Der schweizerische Exportüberschuss ist 2005 auf rekordhohe 9,3 Milliarden Franken angewachsen. Möglich wurde dies allerdings auch darum, weil die Importe seit 1992 nicht gleich schnell gestiegen sind wie die Exporte. Die Schweizer geben ihr Geld nicht wie die Amerikaner bedenkenlos aus. Noch immer sind die Schweizer ein Volk von Sparern. SNB-Chefökonom Kohli hält dieses Verhalten für durchaus angebracht: «Die Schweizer Konsumenten sind vielleicht etwas vorsichtiger, aber eben auch sehr vernünftig.» Angesichts bestehender Unsicherheiten in Bezug auf die Altersvorsorge sei privates Sparen durchaus nachvollziehbar. «Schlecht wäre, wenn die Schweizerinnen und Schweizer aus übertriebenem Pessimismus sparten. Aber wenn sie sparen, damit sie was für die Zukunft haben, so ist dies ein rationaler Entscheid.» Vielleicht sei so der Konsum etwas niedriger, dafür stünden aber Gelder für die Investitionen der Firmen zur Verfügung.
Nachteil der starken Stellung der Schweiz: Die besser laufende Wirtschaft dürfte 2006 auch mehr Kapital nachfragen. Daher könnten die Zinsen weiter steigen. Jan Poser, Chefökonom der Bank Sarasin, hält die Zinsen in der Schweiz für künstlich tief. Nach dem 11. September 2001 sei viel Geld in die Schweiz geflossen. Die Zinssteigerungen, die laut Poser nur moderat ausfallen dürften, seien daher auch Zeichen der «Normalisierung» der Schweizer Zinslandschaft.

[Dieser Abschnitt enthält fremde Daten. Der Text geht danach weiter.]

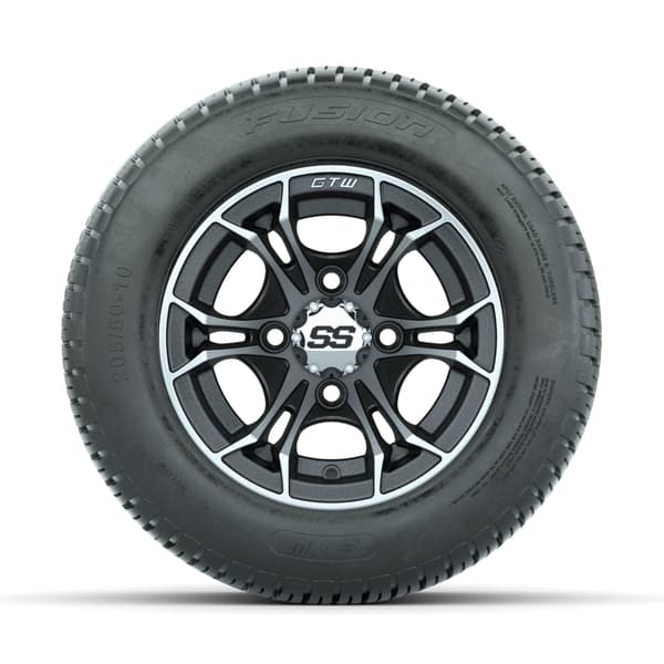 A set of (4) 10-inch GTW® Spyder Machined/Matte Grey golf cart wheels Mounted on 205/50-10 Fusion Street Tires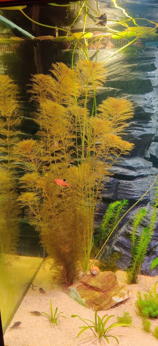 Serieus he, dan heb je anderhalve kuub water maar liefst 250 cm glas en dan zitten je hoofdbewoners gezellig op een kluitje van 10 cm.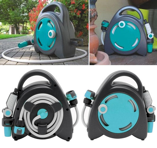 Tragbarer Mini-Schlauchaufroller 11,5 m für die Bewässerung von der Balkonterrasse, Bauer Aqua Bag, blau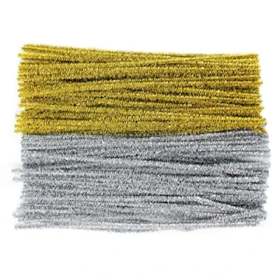 Bright Ideas Pipe Cleaners Glitter Gold and Silver Tinsel PK100 Long Assorted 30cm x 6mm, Colour Cleaners, Arts & Craft, for Crafting. BI0009.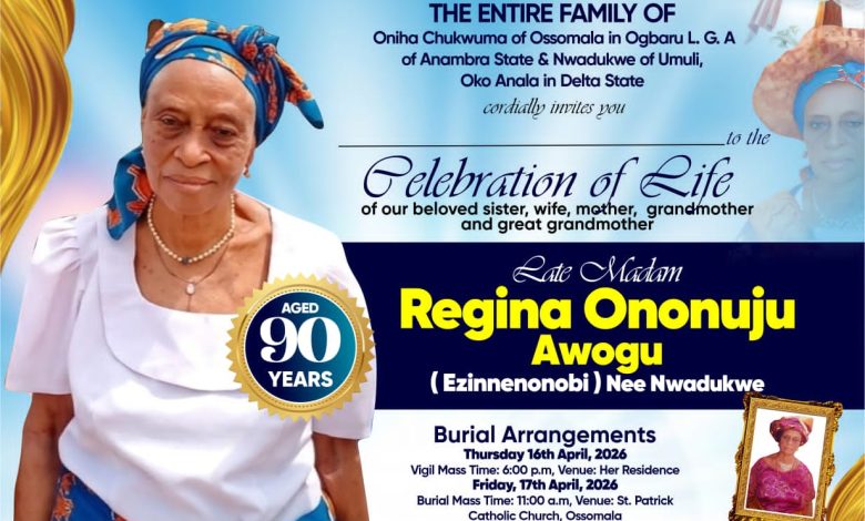 The family of veteran sports broadcaster Owelle Felix Awogu, has announced burial arrangements for their late mother Madam Nnedinobi Regina Awogu, aged 90 years.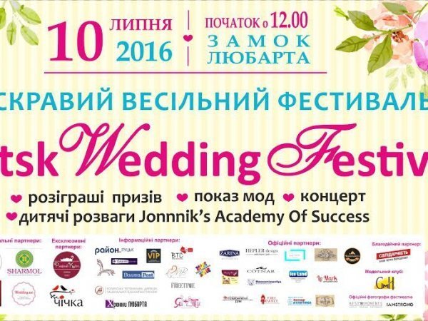 10 липня у Луцькому замку на вас чекає грандіозна подія – «Lutsk.Wedding.Fest 2016. Вперше у нашому місті весільний фестиваль грандіозного масштабу: презентації, майстер-класи, дитячі розваги, виступи різноманітних гуртів та колективів і, звичайно, розіграш цінних сертифікатів від партнерів та багато-багато іншого.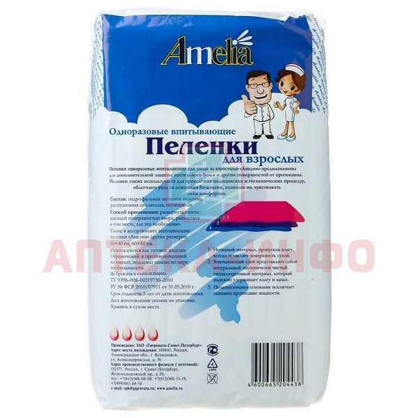 Пеленка АМЕЛИЯ взрослые 60х60см №1 Гигровата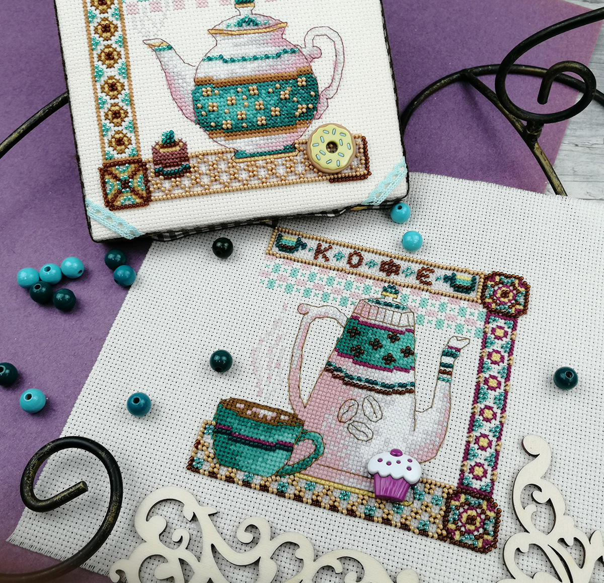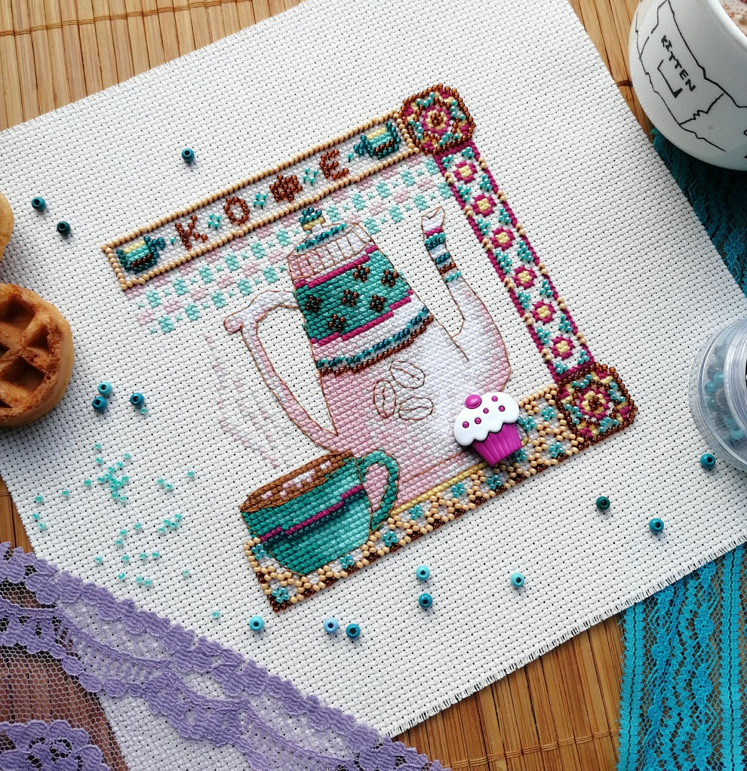 Кофе – одно слово и уже чувствуется аромат этого напитка. Чашечка кофе с пожеланиями доброго утра и хорошего дня. Пусть эта небольшая вышивка с кофейником добавит в вашу кухню очарования.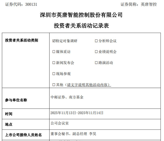 2025 年 11 月 14 日,深圳市英唐智能控制股份有限公司(证券代码:300131,证券简称:英唐智控)举办投资者关系活动,中邮证券、南方基金等机构参与调研。公司董事会秘书李昊详细介绍了发展历程、主营业务及近期并购规划,围绕标的协同价值、业务进展等核心问题与投资者深入交流,彰显公司聚焦半导体 IDM 战略、打造全产业链竞争力的坚定决心。
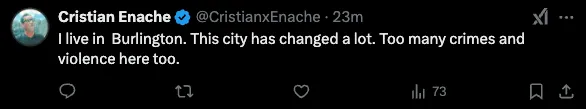 “我住在 Burlington。这座城市变化很大,犯罪和暴力太多了”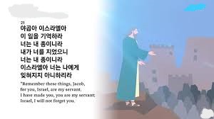 1) 하나, “21. 야곱아 이스라엘아 이 일을 기억하라. 너는 내 종이니라”(사44:21a); 야곱 곧 세상적인 꾀를 따라서 살고 있던 자라고 하더라도(창25:31-34, 27:11-19) 여호와 하나님의 종입니다. 거룩한 하나님의 대족장으로(창32:28, 35:10, 47:7, 10, 48:22) 살아가는 자라고 하더라도 여전히 하나님의 종입니다. 나아가서 선민 이스라엘(출19:5-6)이나 새로운 이스라엘(마28:18-20, 눅24:445-49, 행1:8)이나 모두 창조주 하나님의 종이라는 사실에는 변함이 없다는 것입니다(사44:21a).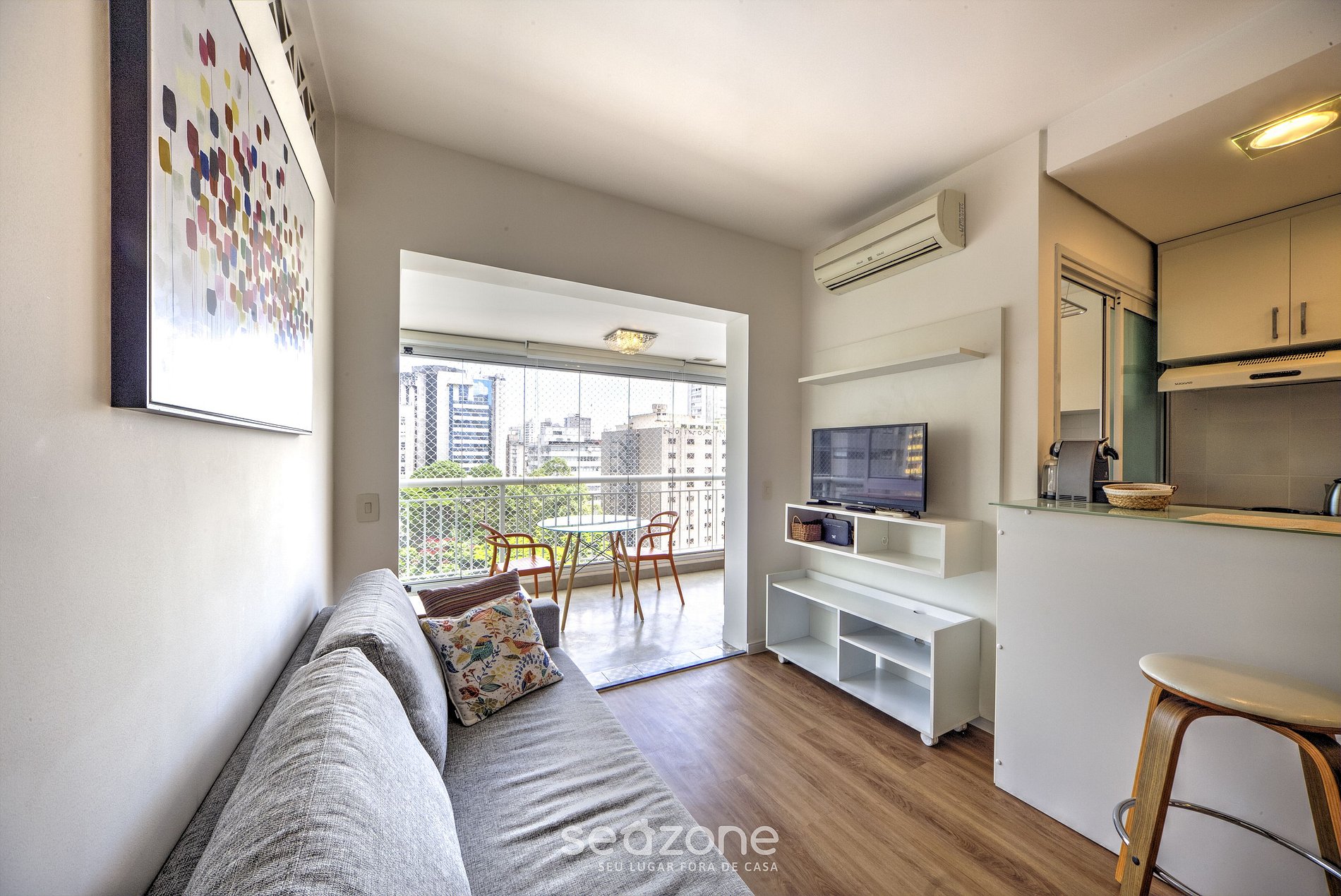 - Sala de estar com sofá, Smart Tv e ar-condicionado;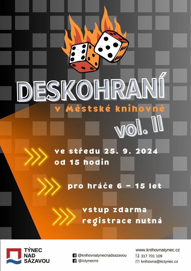 Ve středu 25. září budeme v knihovně od 15 hodin opět hrát ! DESKOVKY !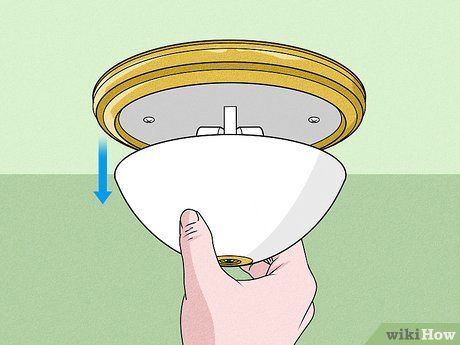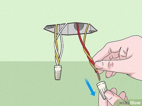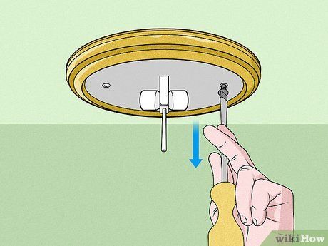 Tách đèn cũ ra. Bạn có thể cần một cây vít hoặc đai ốc để gỡ bất kỳ ốc vít hoặc ốc khóa nào đang kết nối đèn với trần. Đảm bảo bạn hoặc một người trợ giúp có cầm chắc đèn trước khi bạn tách nó ra khỏi trần. Đừng tách dây ra ngay lúc này.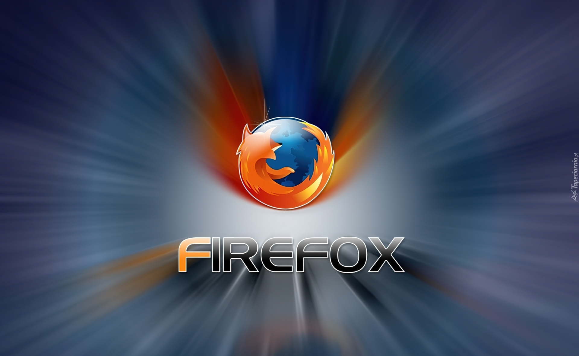 Edytor tapety: Logo, Firefox, Niebieskie, Promieniste, Tło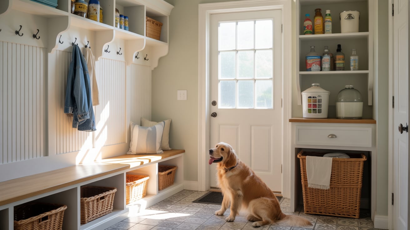 Combining all household functions into one smart zone keeps everything efficient — storage for boots, coats, cleaning, and groceries all in one place.

So gut die Konjunktur derzeit ist – lange dürfte die Euphorie nicht andauern. Die meisten Experten erwarten im Laufe der zweiten Jahreshälfte Verschlechterungen. Dies wegen der unsicheren Lage in den USA, aber auch weil der Aufschwung im Nachbarland Deutschland nur von kurzer Dauer sein dürfte. Deutschland wird laut Prognosen der Deutschen Bank 2007 ein Wachstum von nur gerade 0,2 Prozent generieren.